The High Price of Unmentionables
Just about the time I thought I had learned to pay two-fifty for a twelve-ounce draft beer or a buck-twenty for a pound of apples without flinching, we went underwear shopping. Nothing special, mind you -- just looking for some cheap cotton boxer shorts.
The first pair I looked at were DM 9.95, or about $6.00. This struck me as a bit steep for something that was probably made with cheap Asian labor for 50 cents, so I put them back on the shelf. Besides, they were made out of some funny stretch material and had a weird cod-piece apparatus in the front that looked likely to make me bulge a bit more than I really wanted to.
The next pair was made of the same funny stretch material and I wondered if the expression "Hang loose" meant anything to the Germans. I checked the price. DM 24.95. $15.00. Now that was really pushing the bounds of credibility. You can't even buy designer underwear in the states for fifteen bucks and it wasn't like this pair said Calvin Klein or Yves St. Laurent or something else to impress the ladies.

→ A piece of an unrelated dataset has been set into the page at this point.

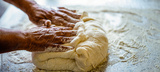 Preparation doughs. Preparation doughs women's hands. Making dough by male hands at bakery. Food concept. Hands dough. Female hands making dough for pizza. Chef in professional kitchen prepares dough
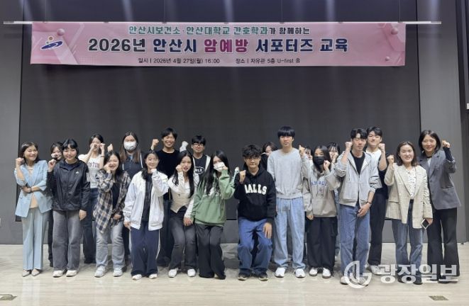 광장일보 주재영 기자 | 안산시는 지난 27일 안산대학교 자유관 U-first 홀에서 ‘2026년 안산시 암 예방 서포터즈 발대식 및 교육’을 개최했다고 28일 밝혔다.

It was time to leave the shelves and try the racks, nicely arrayed across the back wall and displaying the Jockey label, so you knew they were designed and made in the good ol' US of A, not like those suspect stretchy cod-piece doohickies which probably came from failed Ukranian wheat farmers trying to make a ruble off the chaff of last year's harvest.
At last, a pair of normal boxer shorts. Thin cotton material like the summer pajamas you had as a kid, but with a tasteful, adult pattern instead of little airplanes and polar bears.
I looked at the price. DM 59.95. I looked again. DM 59.95! Thirty six dollars for a pair of underwear? THIRTY SIX DOLLARS! In some parts of the States you can buy a used CAR for thirty six dollars.
The 9.95 pair with the funny stretch material and the codpiece was starting to look good and I wandered back to the shelves. As I approached, my eye caught the prices on some of the other boxes. 59.95. What was this, some kind of hippie-inspired conspiracy to force everyone but rich men in up-tight navy blue suits to hang totally free?
I edged back toward the 9.95 pair, in spite of the (now rather attractive) stretch material and funny bulging bits, hoping nobody had cadged them during my brief (pun intended) excursion to the high-rent districts of Underwearland.
There they were. The Box. The Underwear. My salvation. But what's this? On the label? In front of the first nine in the ever-hopeful 9.95? Is it? Could it be? A five? Barely visible and just overlapping the bar code? Noooooooooooo.
We retreated, careful not to bump anything (you break it, you buy it), and looked into the sea of dour German faces as we exited the store with new understanding. Heck, I'd look that way too if my only choices were spending thirty-six bucks for a pair of underwear or constantly catching myself in my zipper.